Cost Optimization User Stories - MangaAssist Chatbot

Overview

This directory contains detailed user stories for cost optimization across every major service in the MangaAssist chatbot architecture. Each user story includes high-level design, low-level implementation details, Mermaid diagrams, and code examples.

User Stories

#	User Story	Primary Service	Estimated Savings
US-01	LLM Token Cost Optimization	Amazon Bedrock (Claude 3.5 Sonnet)	40-60% of LLM spend
US-02	Intent Classifier Cost Optimization	SageMaker Endpoint	50-70% of inference spend
US-03	Caching Strategy for Cost Reduction	ElastiCache Redis	30-50% of downstream API costs
US-04	Compute Cost Optimization	ECS Fargate + Lambda	35-55% of compute spend
US-05	DynamoDB Cost Optimization	DynamoDB	40-60% of storage/throughput costs
US-06	RAG Pipeline Cost Optimization	OpenSearch Serverless + Titan Embeddings	30-50% of RAG costs
US-07	Analytics Pipeline Cost Optimization	Kinesis + Redshift	40-60% of analytics spend
US-08	Traffic-Based Cost Optimization	Edge / Rate Limiter / Degraded Modes	20-35% of total infrastructure

Cost Distribution (Baseline Estimate)

pie title MangaAssist Monthly Cost Distribution (Before Optimization)
    "Bedrock LLM" : 35
    "ECS Fargate + Lambda" : 20
    "DynamoDB" : 10
    "OpenSearch Serverless" : 10
    "ElastiCache Redis" : 8
    "SageMaker (Intent)" : 7
    "Kinesis + Redshift" : 5
    "CloudFront + ALB" : 3
    "Other" : 2

How to Use

Start with US-01 (LLM Token Cost) — it targets the largest cost driver.
Read US-02 and US-03 next — they directly reduce LLM and downstream service calls.
Apply US-04 through US-08 based on your current cost profile.
Each user story is self-contained and can be implemented independently.

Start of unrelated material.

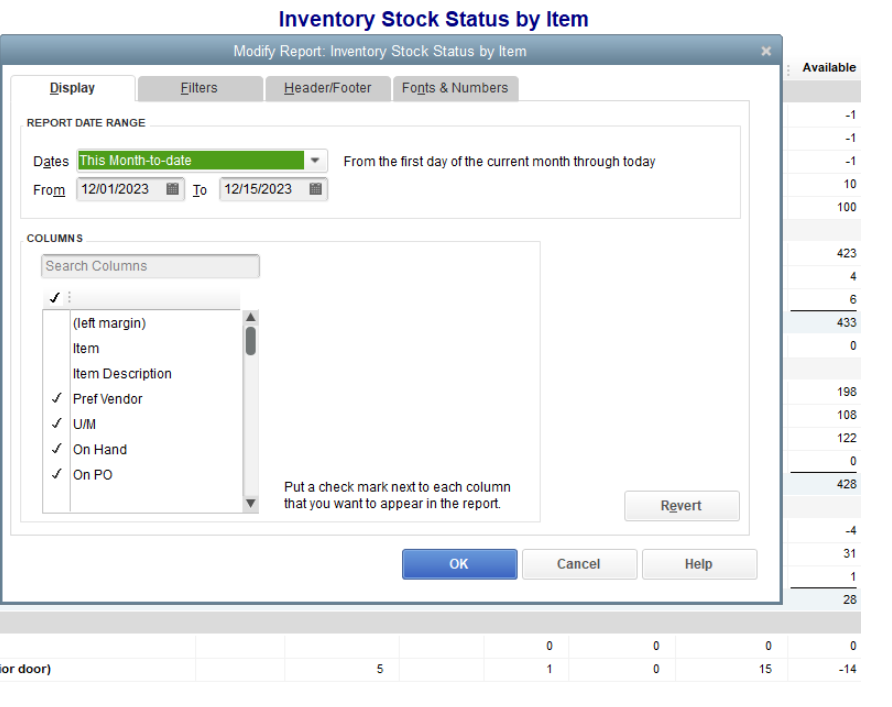 Buy nowUsing QB Enterprise Desktop - we have a need to add extra columns to the "Inventory Stock Status by Item" report; however, we are unable to figure out if this is possible. Please advise if there is a way to do the following:

Relationship to Architecture

These user stories map directly to the components described in:

04-architecture-hld.md — High-level architecture
04b-architecture-lld.md — Low-level design

Dependency & Sequencing Graph

The 8 stories are not independent. Some are shared infrastructure that other stories depend on; some are outer control loops that wrap the others. Implementing in the wrong order creates either dead optimizations (no cost telemetry to evaluate them) or runaway risk (no circuit breaker to bound them).

graph TB
    US08[US-08 Traffic-Based<br>Outer cost-control loop]
    US07[US-07 Analytics<br>Cost telemetry pipeline]
    US03[US-03 Caching<br>Shared Redis tier]
    US02[US-02 Intent Classifier<br>Intent label provider]
    US01[US-01 LLM Tokens<br>Bedrock optimization]
    US04[US-04 Compute<br>Fargate + Lambda]
    US05[US-05 DynamoDB<br>Session-state lifecycle]
    US06[US-06 RAG<br>OpenSearch + Titan]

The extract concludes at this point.